Meints Lisa M, Poston Anne W, Piligian Brent F, Olson Claire D, Badger Katherine S, Woodruff Peter J, Swarts Benjamin M
Department of Chemistry and Biochemistry, Central Michigan University.
Department of Chemistry, University of Southern Maine.
J Vis Exp. 2017 Feb 17(120):54485. doi: 10.3791/54485.
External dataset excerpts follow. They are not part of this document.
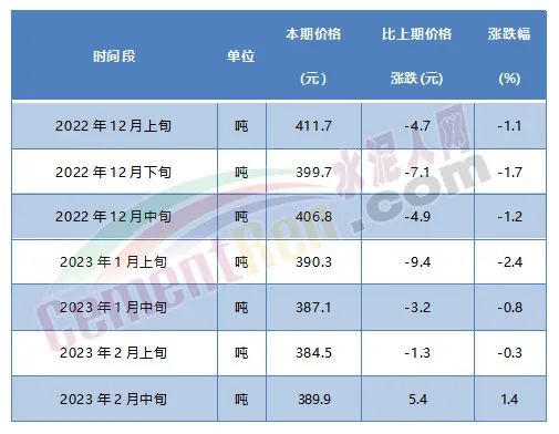P.O42.5散裝水泥不足400元/噸的報價,從上年12月下旬至今已經(jīng)持續(xù)了5個統(tǒng)計周期。且從2022年12月上旬起一直連續(xù)6個統(tǒng)計周期下跌,直至今年2月中旬才見反彈上行。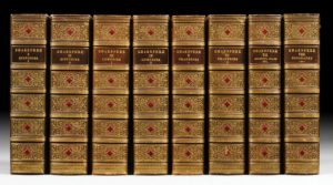 SHAKESPEARE The Pictorial edition of the works of Shakespeare. Londres, Charles Knight and Cie, 1839-1843. 8 volumes grand in-8, maroquin brun, jeu de 10 filets dorés en encadrement, dos orné autour d'un petit cartouche de maroquin rouge, encadrement intérieur orné de jeux de filets dorés, doublure et gardes de moire rouge, tranches dorées (Noulhac). L'une des plus fameuses éditions de Shakespeare, superbement illustrées de très nombreuses gravures sur acier. Elle comprend les pièces douteuses et une vie de l'auteur. Dos très légèrement passé, sinon luxueux exemplaire dans une riche reliure de Noulhac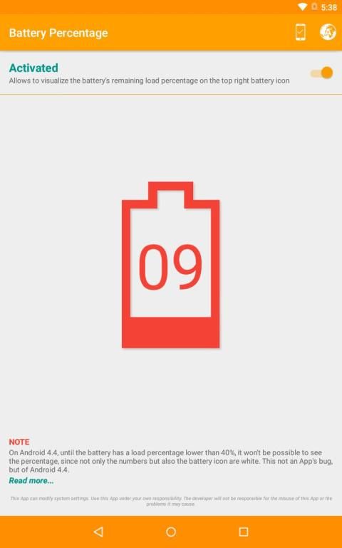 - On Android 4.4, until the battery has a load percentage lower than 40%, it won't be possible to see the percentage, since not only the numbers but also the battery icon are white. This not an App's bug, but of Android 4.4.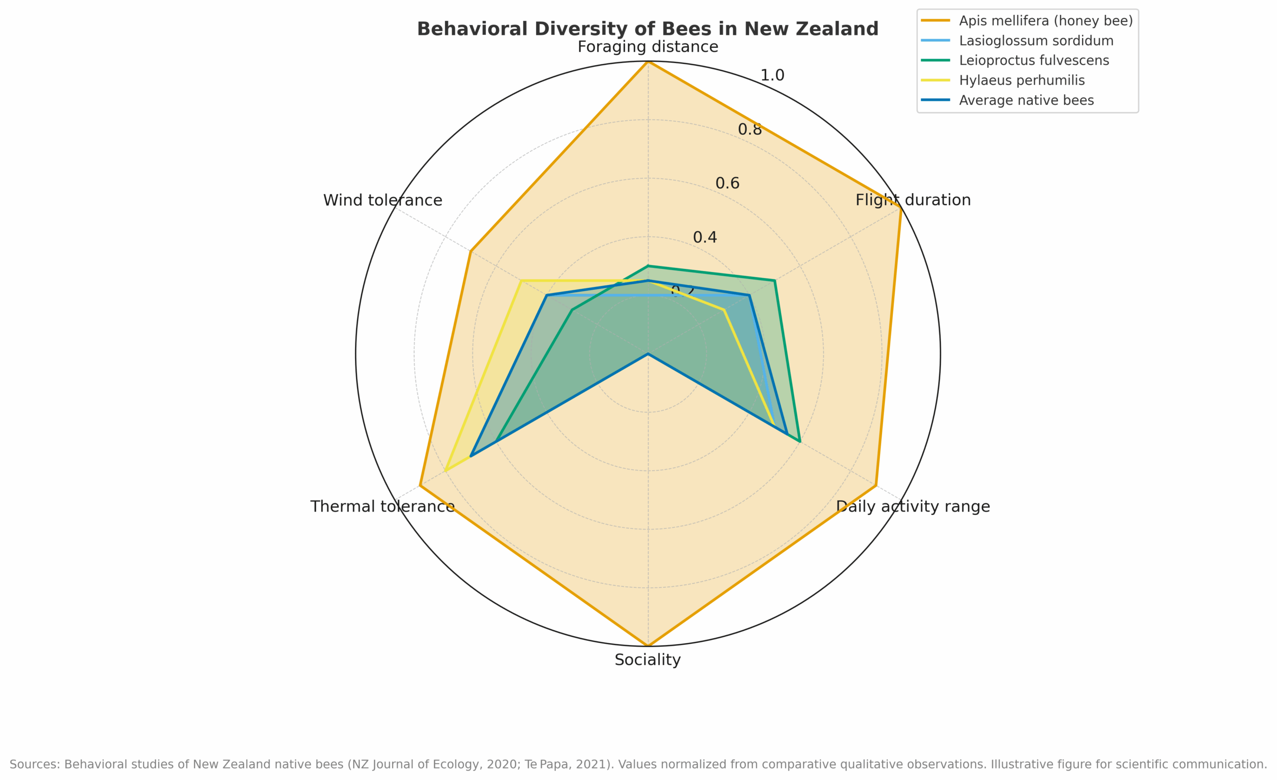 This radar chart here after illustrates the comparative behavioral diversity among honey bees (Apis mellifera) and several native bee species in New Zealand, including Lasioglossum sordidum, Leioproctus fulvescens, and Hylaeus perhumilis.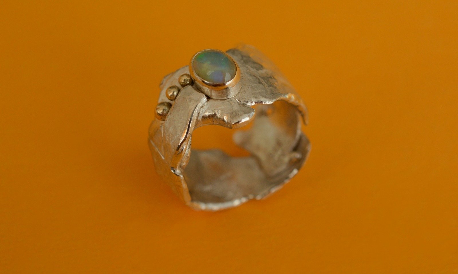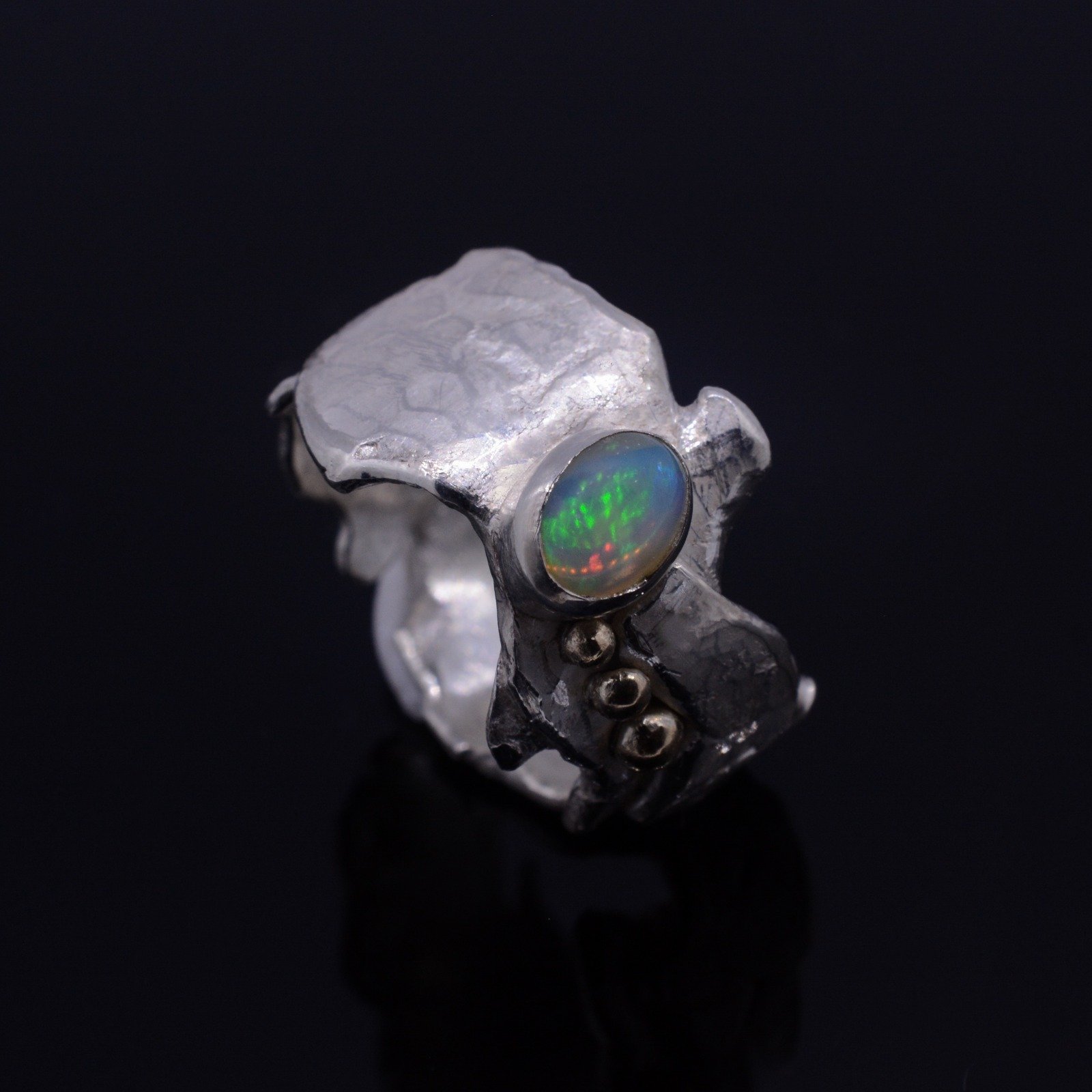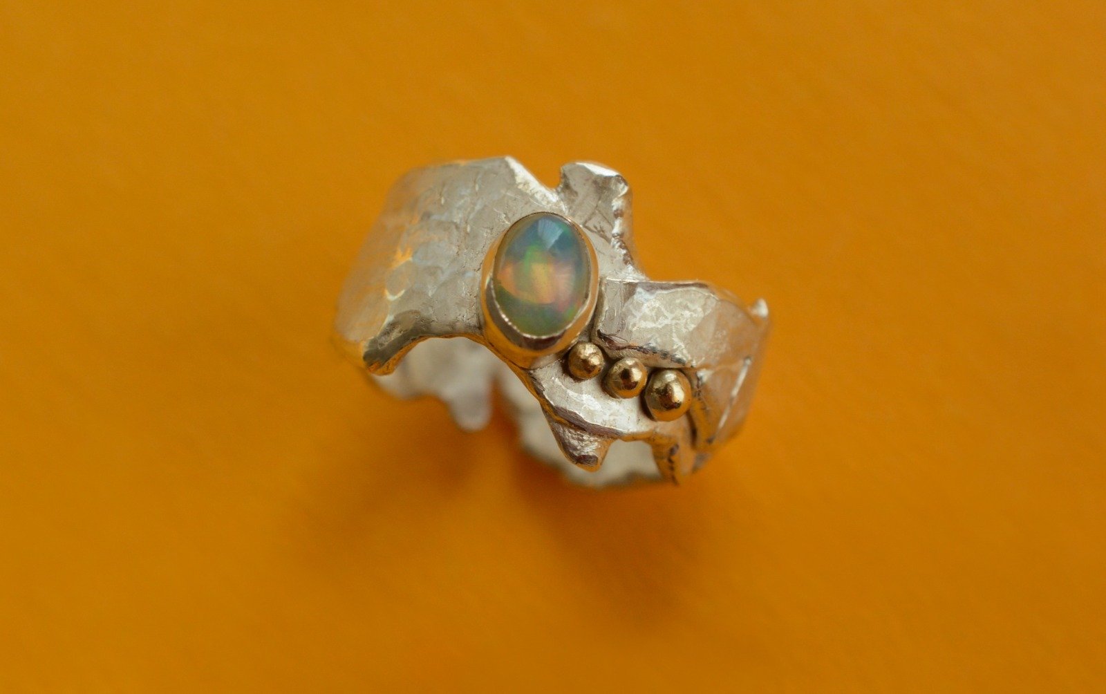 Mountain Lake sterling silver ring with yellow gold drops and gorgeous Ethiopian opal. The ring is hammered and textured to bring out more radiance. Creative and unique design inspired by the magic and beauty of the Swiss mountains make this ring a great statement jewellery piece.
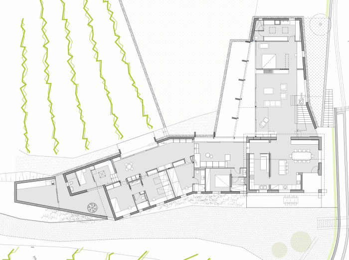 V dôsledku postupne sa zvyšujúcich priestorových nárokov na bývanie pre mladú rodinu vzniká idea rekonštrukcie, neskôr dostavby pôvodnej budovy so sedlovou strechou. Dostavbu tvoria dve lineárne krídla, spojené pôvodnou budovou, ktoré sú vsadené a kopírujú prirodzenú topografiu terénu a zároveň vytvárajú prirodzenú hranicu medzi vonkajšou vinicou resp. cestou a vnútornými sadmi. Celý dom tak na jenom podlaží otvorene komunikuje do vnútra s privátnym dvorom cez veľké otvory a naopak sa navonok uzatvára voči verejne prístupnej zóne susedných vinárskych závodov. Funkčne je prístavba rozdelená do dvoch krídiel: zónu pre deti a zónu pre dospelých. Obe zóny sa prelínajú v spoločnej kuchyni, ktorá sa nachádza v pôvodnej budove a stáva sa centrom diania celého objektu.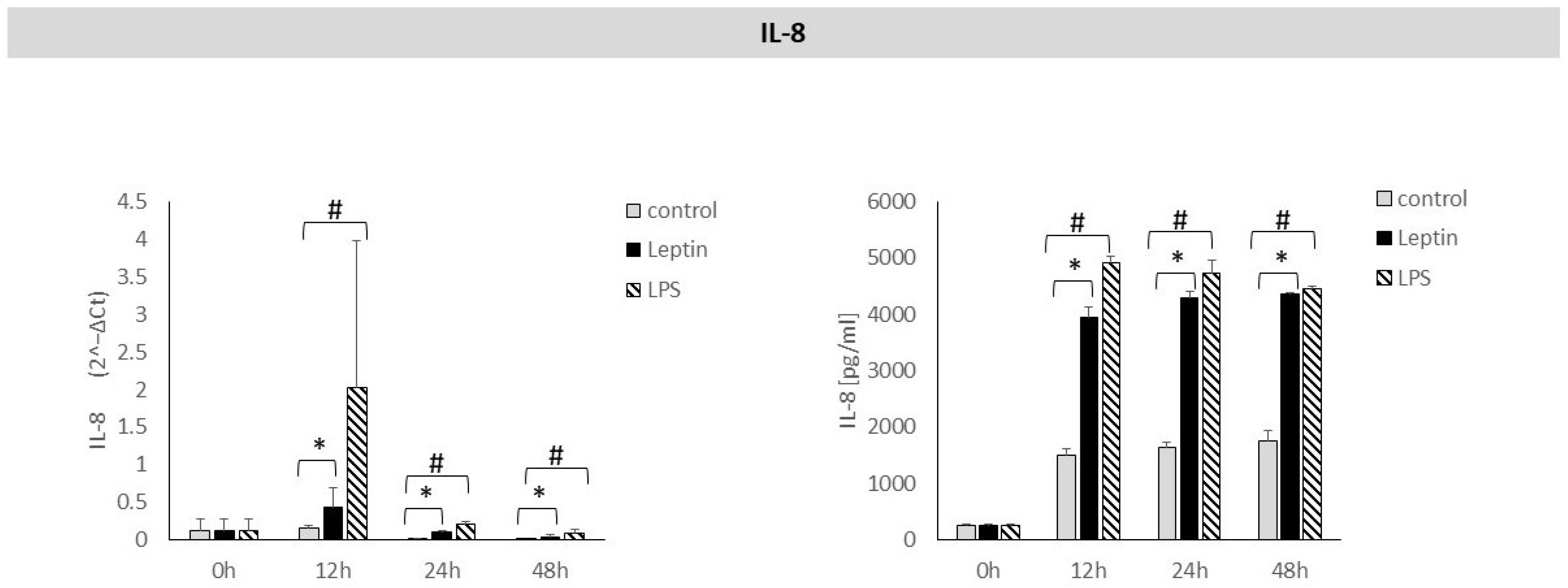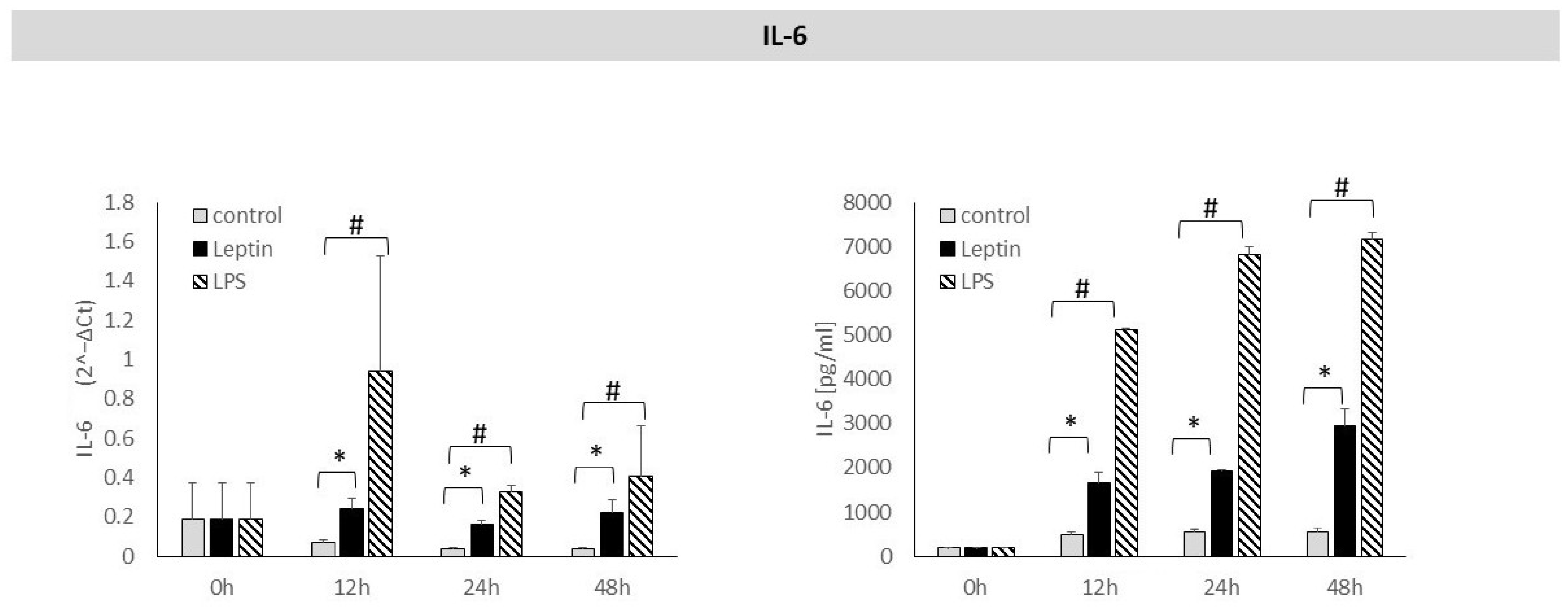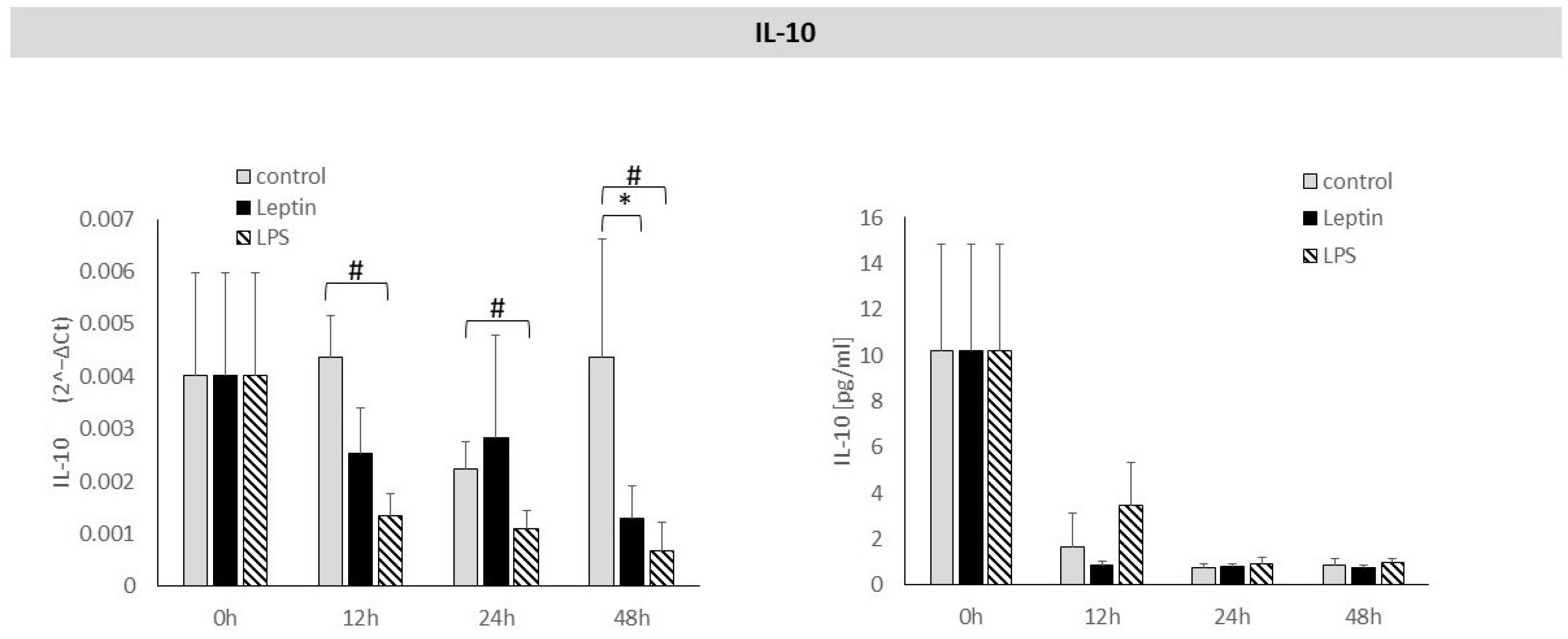 - Hoffmann, A.; Ebert, T.; Klöting, N.; Kolb, M.; Gericke, M.; Jeromin, F.; Jessnitzer, B.; Lössner, U.; Burkhardt, R.; Stumvoll, M. Leptin decreases circulating inflammatory IL-6 and MCP-1 in mice. BioFactors 2019, 45, 43–48. [Google Scholar] [CrossRef]

Chemically modified versions of trehalose, or trehalose analogues, have applications in biology, biotechnology, and pharmaceutical science, among other fields. For instance, trehalose analogues bearing detectable tags have been used to detect Mycobacterium tuberculosis and may have applications as tuberculosis diagnostic imaging agents. Hydrolytically stable versions of trehalose are also being pursued due to their potential for use as non-caloric sweeteners and bioprotective agents. Despite the appeal of this class of compounds for various applications, their potential remains unfulfilled due to the lack of a robust route for their production. Here, we report a detailed protocol for the rapid and efficient one-step biocatalytic synthesis of trehalose analogues that bypasses the problems associated with chemical synthesis. By utilizing the thermostable trehalose synthase (TreT) enzyme from Thermoproteus tenax, trehalose analogues can be generated in a single step from glucose analogues and uridine diphosphate glucose in high yield (up to quantitative conversion) in 15-60 min. A simple and rapid non-chromatographic purification protocol, which consists of spin dialysis and ion exchange, can deliver many trehalose analogues of known concentration in aqueous solution in as little as 45 min. In cases where unreacted glucose analogue still remains, chromatographic purification of the trehalose analogue product can be performed. Overall, this method provides a "green" biocatalytic platform for the expedited synthesis and purification of trehalose analogues that is efficient and accessible to non-chemists. To exemplify the applicability of this method, we describe a protocol for the synthesis, all-aqueous purification, and administration of a trehalose-based click chemistry probe to mycobacteria, all of which took less than 1 hour and enabled fluorescence detection of mycobacteria. In the future, we envision that, among other applications, this protocol may be applied to the rapid synthesis of trehalose-based probes for tuberculosis diagnostics. For instance, short-lived radionuclide-modified trehalose analogues (e.g., F-modified trehalose) could be used for advanced clinical imaging modalities such as positron emission tomography-computed tomography (PET-CT).
海藻糖的化学修饰版本,即海藻糖类似物,在生物学、生物技术和制药科学等领域有应用。例如,带有可检测标签的海藻糖类似物已被用于检测结核分枝杆菌,并且可能用作结核病诊断成像剂。由于海藻糖的水解稳定版本有潜力用作无热量甜味剂和生物保护剂,因此也在对其进行研究。尽管这类化合物在各种应用中颇具吸引力,但由于缺乏强大的生产途径,它们的潜力尚未得到充分发挥。在此,我们报告了一种详细的方案,用于快速高效地一步生物催化合成海藻糖类似物,该方案绕过了与化学合成相关的问题。通过利用来自嗜热栖热菌的耐热海藻糖合酶(TreT),海藻糖类似物可以在15至60分钟内从葡萄糖类似物和尿苷二磷酸葡萄糖一步高产率(高达定量转化)生成。一种简单快速的非色谱纯化方案,包括旋转透析和离子交换,可在短短45分钟内提供许多已知浓度的海藻糖类似物水溶液。在仍有未反应的葡萄糖类似物残留的情况下,可以对海藻糖类似物产物进行色谱纯化。总体而言,该方法为海藻糖类似物的快速合成和纯化提供了一个“绿色”生物催化平台,高效且非化学专业人员也可操作。为了举例说明该方法的适用性,我们描述了一种用于合成、全水相纯化以及将基于海藻糖的点击化学探针施用于分枝杆菌的方案,所有这些操作耗时不到1小时,并能够对分枝杆菌进行荧光检测。未来,我们设想,除其他应用外,该方案可应用于快速合成用于结核病诊断的基于海藻糖的探针。例如,短寿命放射性核素修饰的海藻糖类似物(如F修饰的海藻糖)可用于正电子发射断层扫描 - 计算机断层扫描(PET - CT)等先进临床成像模式。